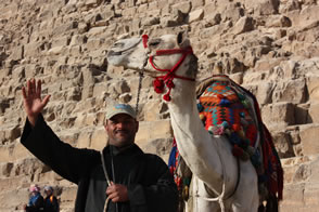 Tandis que la caravane de chameaux guette le touriste de passage, nous disons adieu aux pyramides renfermant encore tant de mystères sous leurs pierres.
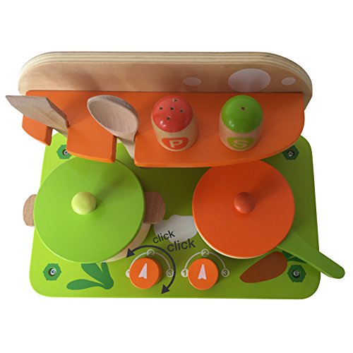 Die perfekte Spielküche sondern Ihren kleinen Koch. Das Kinderküchen-Set beinhaltet Küchenutensilien, Pfannen, Schneidebrett und Gewürze. Drehen Sie die Drehknöpfe, um Klickgeräusche zu machen und sondern ein realistisches Spiel zu sorgen.
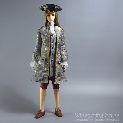 I made this outfit quite a few years ago, and I feel it's a time to put it to sale. Pale gray woven brocade with a floral patterns, bold tricorn hat, a lot of buttons on the front, and a delicate lace... See the outfit in the Shop.

•••••

Without the pictures, return the listing above from its first line through the line that has "Die perfekte Spielküche".

 Tandis que la caravane de chameaux guette le touriste de passage, nous disons adieu aux pyramides renfermant encore tant de mystères sous leurs pierres.
 Die perfekte Spielküche sondern Ihren kleinen Koch. Das Kinderküchen-Set beinhaltet Küchenutensilien, Pfannen, Schneidebrett und Gewürze. Drehen Sie die Drehknöpfe, um Klickgeräusche zu machen und sondern ein realistisches Spiel zu sorgen.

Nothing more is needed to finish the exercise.